I believe many churches are starting to support missionaries outside the Cooperative Program who better espouse their church's theology 

(i.e. if a calvinist church throws money into the Cooperative Program pool, they have no say in which missionaries are supported, and many IMB missionaries are not calvinistic...thus many churches are taking greater control over their missions budgets. Also, the first action a church takes once calvinism is established in the church is to minimize or pull out of the Cooperative Program and support only missionaries who understand the sovereignty of God. Thus a decline in blind loyalty to the Cooperative Program might indicate greater discernment in the use of mission dollars rather than merely a decrease in mission dollars).


----------



## Pilgrim (Apr 11, 2013)

Pergamum said:


> I am sort of glad to see the numbers decline.
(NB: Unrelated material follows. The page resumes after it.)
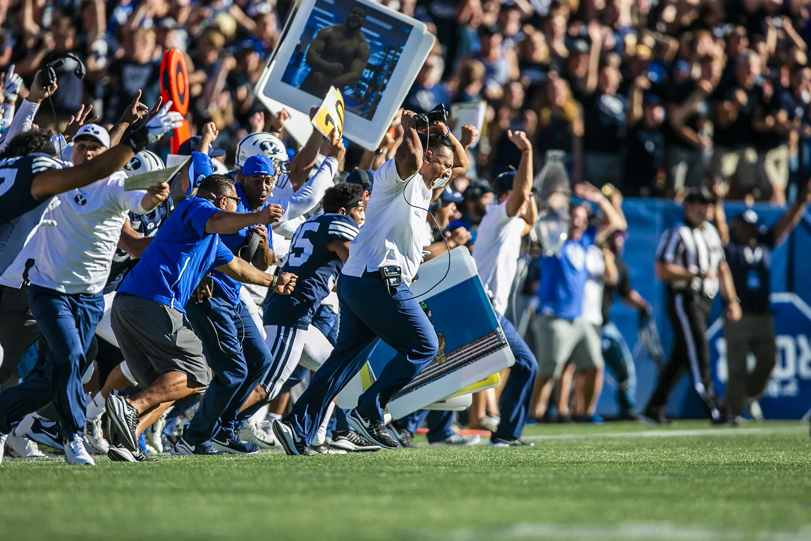 Coaches rush the field after BYU wins against USC in an intense, overtime game.

Why?
> 
> I believe many churches are starting to support missionaries outside the Cooperative Program who better espouse their church's theology



This is true, but it's moreso in the area of church planting and other US based ministries as opposed to concerns over the IMB, which is probably the most "popular" of all SBC programs, even among Calvinists. You would be more familiar with most with problems with the IMB. One brother who went out as a non SBC missionary told me of some of the issues. But many Calvinistic people in the SBC seem to think it's wonderful. Some of this is probably because a good number of Calvinistic men have gone into foreign missions instead of face hostility toward Calvinism at home. This is the same reason why some get into church planting rather than try to "reform" an existing church. 



Pergamum said:


> *Also, the first action a church takes once calvinism is established in the church is to minimize or pull out of the Cooperative Program and support only missionaries who understand the sovereignty of God.* Thus a decline in blind loyalty to the Cooperative Program might indicate greater discernment in the use of mission dollars rather than merely a decrease in mission dollars)



While this was generally the case with older "Sovereign Grace" Baptists (which also tended to coincide with the time in which the SBC was in the throes of liberalism in the 60's and 70's and into the 80's, especially in the state conventions) this is definitely not true in many cases today. Some Calvinistic churches give a high percentage to the CP and are sold out for the SBC. Some of this may be the thinking that they will soon have a hammer lock on the convention, among other things. And arguably they already have one where it counts on a national level, with many non-Calvinists being quite willing to work with Calvinists, thus making a powerful coalition. And the more that this happens, the less reason there is to pull out or decrease giving. After all, SBTS, SEBTS, etc. are supported by the CP and without it they would not exist. (It's to the point now where some vocal anti-Calvinists are designating their gifts around SBTS and SEBTS.) I've seen at least one prominent Founders leader say that this is the best time to be SBC in his lifetime. But minimization of CP giving is the result in some cases, especially with churches that hold to the 1689, which is by far the exception among Calvinistic men and churches in the SBC. Also, larger churches tend to give a lower percentage. Some Calvinistic churches in the SBC are quite large, including some Acts 29 churches, which are often the focus of the strongest criticism by anti-Calvinists because they focus much more on Acts 29 and related activities than the SBC.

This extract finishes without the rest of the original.